Sure, but that 10-20% gets us, bad.
Read post 35. You don’t get any sense of overreaction from the police? Wow. Hope you never cross them!
Oh my gosh, yes. How dare we object to police overreaction and destruction?!!!!!
Wow, you’re good. You’re on both sides! LOL
You don't understand, but you will when forced off at gunpoint (or hauled off dead if you resist). You have no right to your home when the government wants it. This is well established black-letter law.
There is, however, potential value in not agreeing or volunteering. At least that changes the expulsion from one you agreed to, so have no right to be compensated, to a taking.
Probably not as difficult to get a contractor as you might think. There is a whole industry of contractors who do restoration/reconstruction rather than remodeling or new construction.

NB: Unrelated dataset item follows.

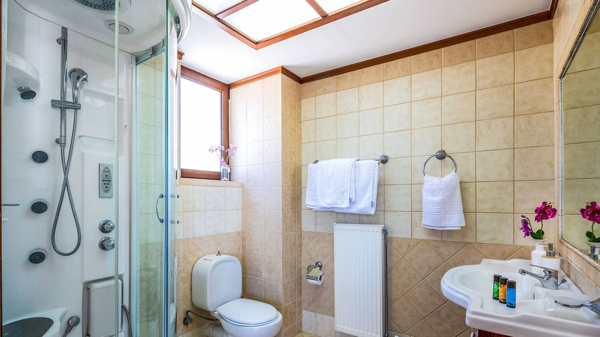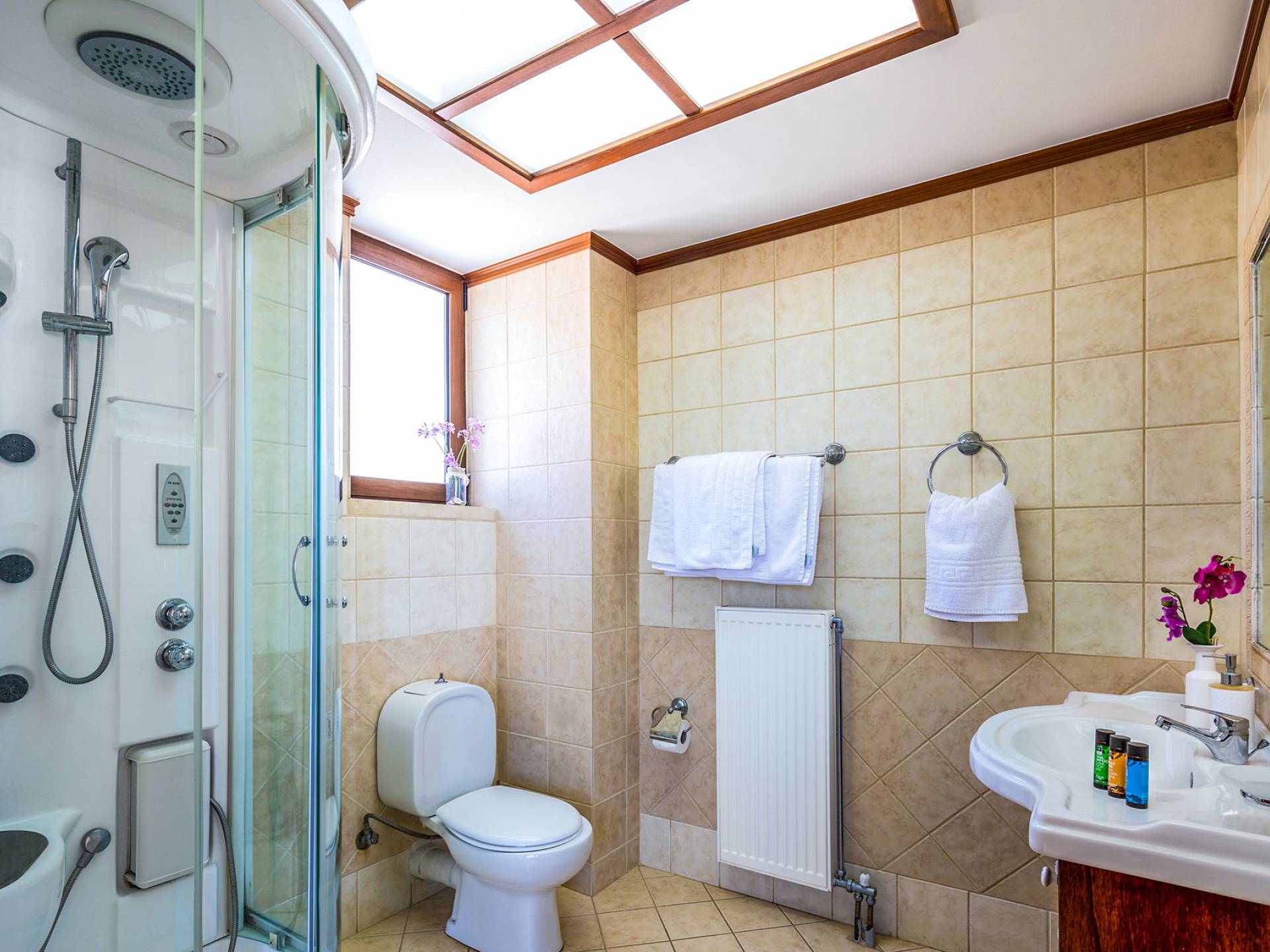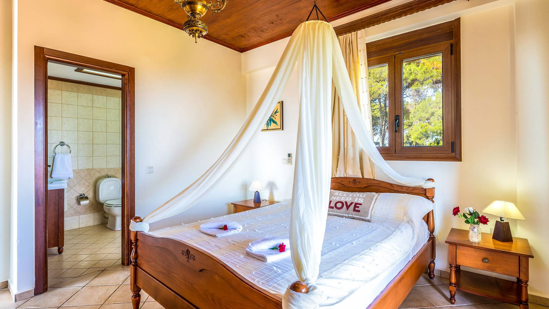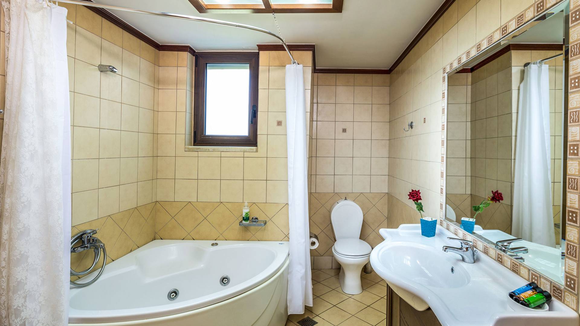 Из центрального входа гостиная с 2 диванами и журнальным столиком ведет на первый этаж виллы. В гостиной вы найдете плазменный телевизор со спутниковыми каналами, DVD-плеер, стерео-проигрыватель компакт-дисков и большой камин. Соединенная с гостиной, кухня оснащена всеми современными удобствами. Там же находится обеденный стол с 8 стульями и камин в углу. Панорамным видом на ландшафт от высоких гор до синего моря можно наслаждаться как с обеденного стола, так и с диванной группы и балкона. Вилла Iris состоит из 4 спален: две с двуспальными кроватями, одна с 3 односпальными кроватями и одна с 2 односпальными кроватями, все с ванными комнатами, телевизором, DVD и гидромассажной ванной или душем.

I know, I’ve been in or around it for 30 years. How busy we are is to some extent disconnected from the general construction business. Our problem is getting certain kinds of workers when construction gets real busy.
It is. And getting permits is taking months right now in the metro... months.
Gee maybe they can’t find it buried in the ruble.
Or it got blasted out one of the numerous holes they blew in the structure.